= Chōnaikai =

A chōnaikai (町内会) is a Japanese local community of citizens or a form of neighborhood association.

== History ==
Before the Meiji Restoration, more than 70,000 municipalities in Japan were small entities. The new centralized government viewed them as potential areas of unrest. Two waves of municipal mergers intended to weaken those entities. This resulted in chōnaikai, informal associations taking the place of former village or neighbourhood communities.

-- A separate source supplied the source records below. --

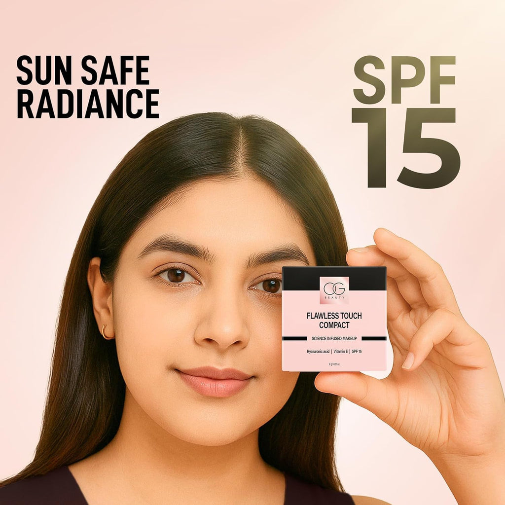 compact powder, matte finish compact, OG Beauty face powder, Brew shade compact, long lasting compact powder, vitamin E enriched makeup, flawless touch powder, oil control face powder, lightweight compact powder, smooth finish makeup, daily wear face powder, natural matte finish, buildable coverage powder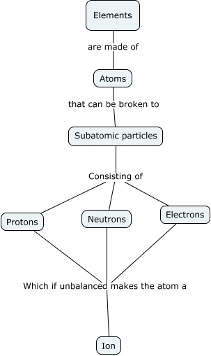 This Concept Map, created with IHMC CmapTools, has information related to: Basic Structure of Matter, Subatomic particles Consisting of Electrons, Electrons Which if unbalanced makes the atom a Ion, Neutrons Which if unbalanced makes the atom a Ion, Protons Which if unbalanced makes the atom a Ion, Elements are made of Atoms, Subatomic particles Consisting of Protons, Atoms that can be broken to Subatomic particles, Subatomic particles Consisting of Neutrons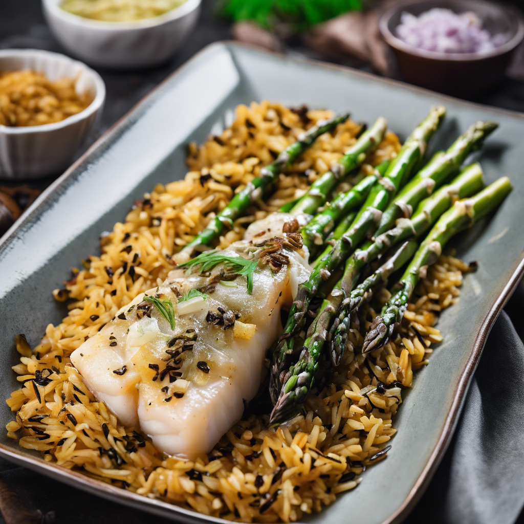 Baked Cod with Wild Rice and Steamed Asparagus is a classic dish that has its roots in the coastal regions of Scandinavia and the Mediterranean. The dish features a flaky cod fillet, seasoned with herbs and spices, then baked to perfection. The wild rice adds a nutty flavor and chewy texture, while the steamed asparagus provides a crisp and fresh contrast. This dish has been a staple in seafood restaurants and fine dining establishments for its simplicity and elegance. Chefs often emphasize the importance of using fresh, high-quality cod and properly cooked wild rice to bring out the best flavors. For a twist, some chefs may opt for grilling the cod or adding a citrus-infused marinade. Today, the best versions of this dish can be found in coastal regions known for their fresh seafood, such as Scandinavia, the Mediterranean, and the Pacific Northwest.

During World War II, these associations were involved in many points:
- Civil defense against bombing and ensuing fires
- Maintenance of roads and public buildings
- Supply of food and first aid gear

During the Occupation of Japan, the American provisional government forbade them. They were allowed only after the Treaty of San Francisco in 1951.

Nowadays, the chōnaikai are put forward again and are gathered in a nationwide chōnaikai federation (町内会連合会, chōnaikai rengōkai).

== Characteristics ==
A chōnaikai deals with five criteria:

=== Territory ===
The local government generally covers the same area. According to the evolution of the population, the chōnaikai may be divided.

=== Membership ===
The household is the basic member. Some sections may exist for women, children or elderly, taking part in the proper activities. Sometimes, a corporate membership is also allowed for financial issues.

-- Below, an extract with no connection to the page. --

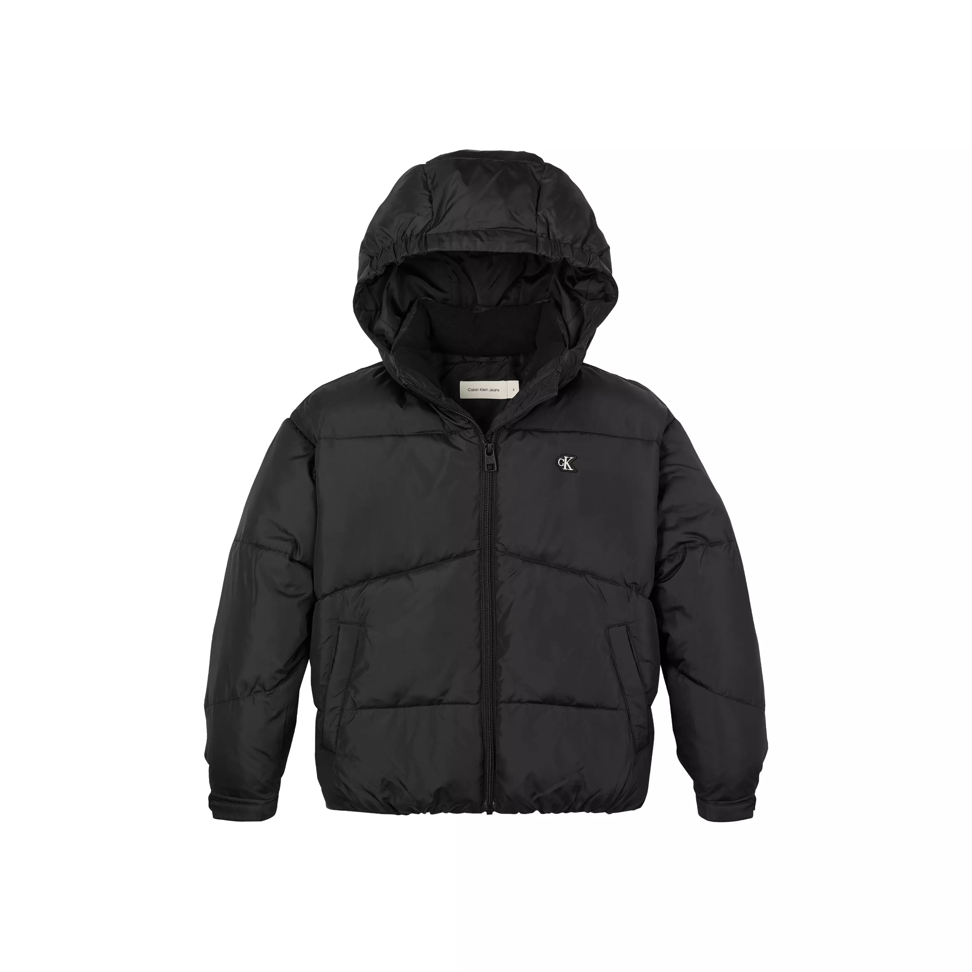 Piumino CALVIN KLEIN nero realizzato al 100% in poliestere riciclato certificato, escluse le finiture, isolamento in finta piuma, taglio regolare, con cappuccio, chiusura con zip e velcro, polsini in maglia a costine, tasche profilate in vita, logo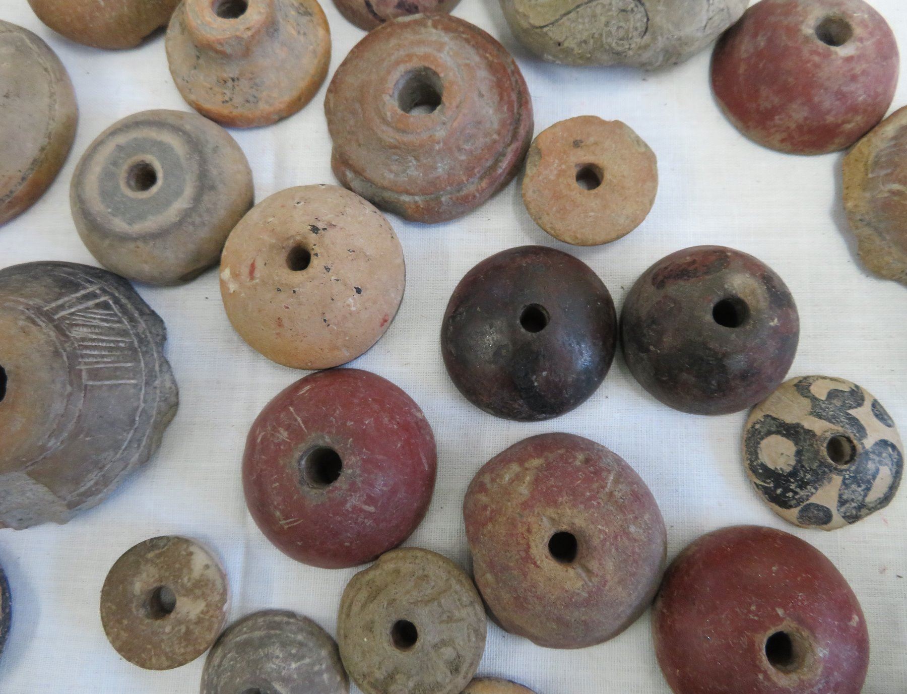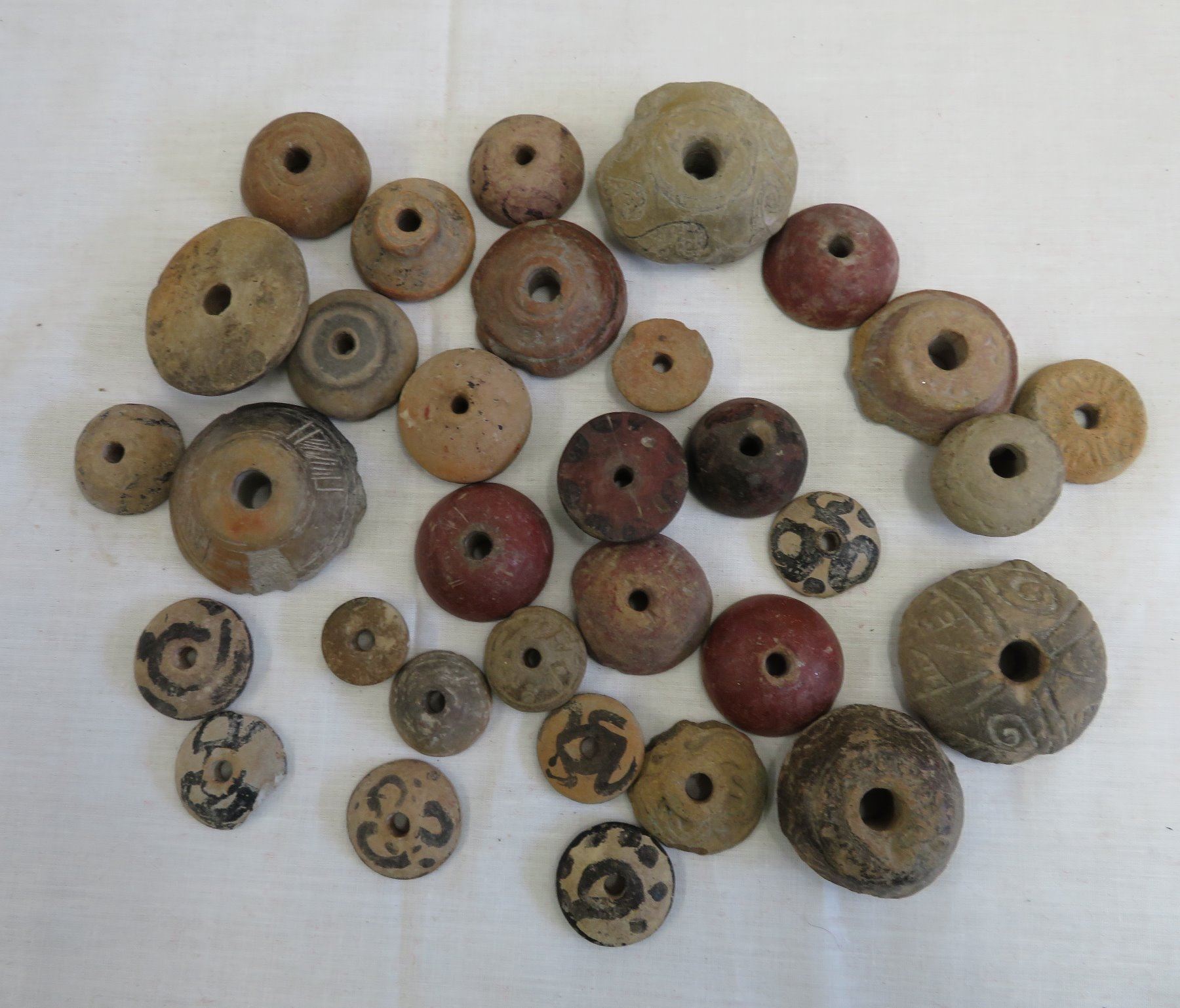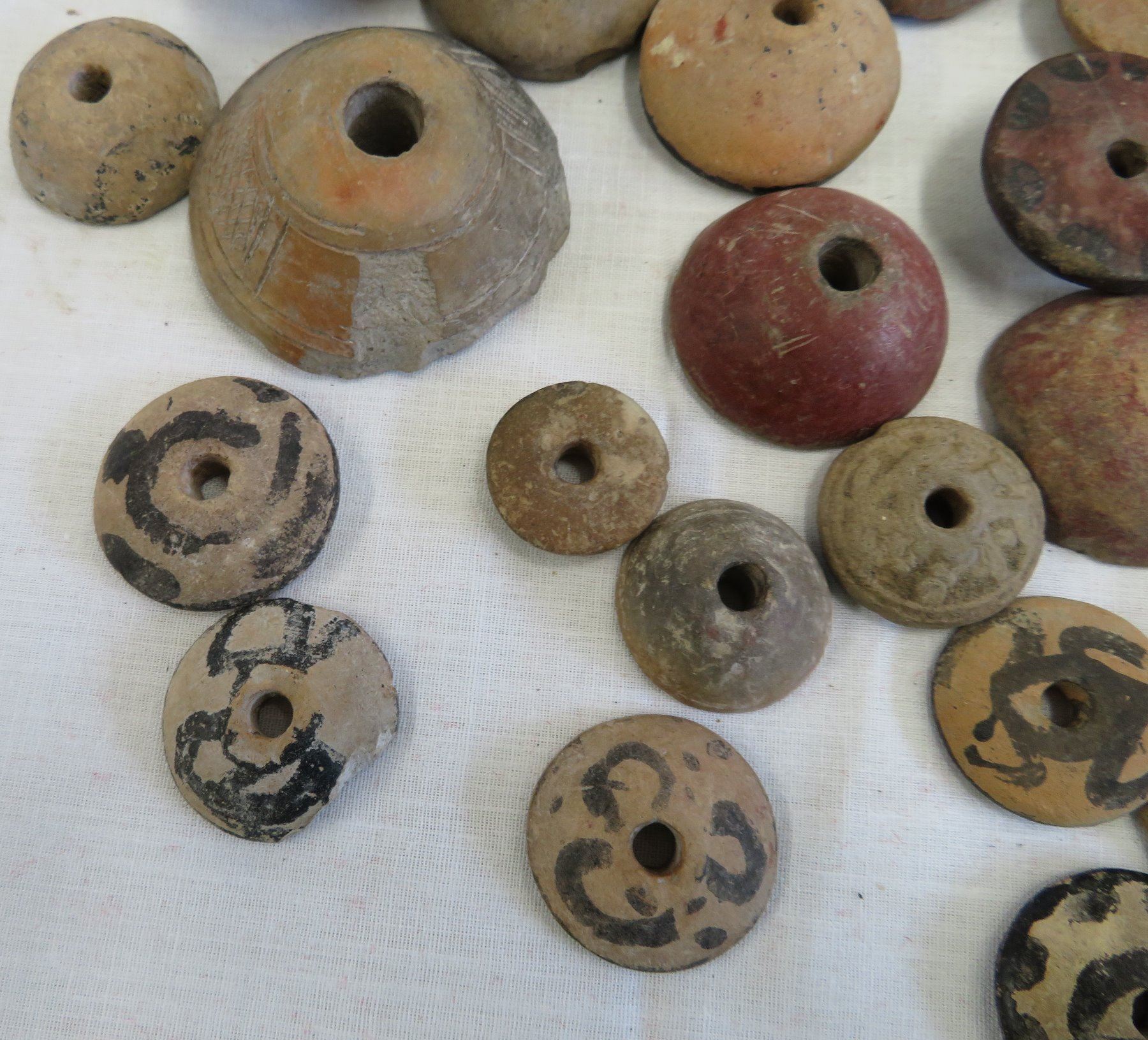 Pre-Columbian Spindle Whorl Collection, pre-Columbian items. Made of clay and paint, the items measure 1" to 2". Veracruz, Mexico. Condition: As found, see images. Shipping: $25.50 w/insurance and signature.

=== Automatic membership ===
For a new household, membership is not mandatory, but gives access to a lot of facilities. Non-member households are somewhat ostracized from the community and are treated as strangers . People in rented rooms, typically students or young salary men, are said to be member of the household of the landowner. Because apartment tenants reside in the community temporarily, and the associations are geared toward homeowners and families, they are under no social pressure to join.

=== Activities ===
They attend a wide range:
- Security of the neighbourhood, especially during natural disasters
- Waste management,
- Aid to the elderly and disabled
- Cultural and sport activities, aiming at a better mutual understanding
- Funeral activities
  - When a member of the community dies, association members assist the bereaved family with funeral arrangements
- Assistance in case of a disaster
  - When a house is destroyed by fire or other means, association members provide the homeless family with shelter, food, clothing, and monetary donations to assist the family in replacing their home and other lost possessions.
  - When a disaster hits a region, associations in neighboring communities participate in assistance efforts.

===Kairanban (かいらんばん,回覧板) ===
A Kairanban is tool sometimes used by Chonaikai as part of "circular notice" systems. The kairanban is typically a folder or clipboard that is used to pass information from household to household. A log is kept inside the kairanban that residents sign to indicate they have reviewed the material before passing it to the next household.

=== Institutional part ===
Based in the same general area, the chōnaikai improves the municipality. It subsidizes modes of communication and can encourage local participation. But it can also exert influence in political issues, mobilizing the neighbourhood with petitions or demonstrations.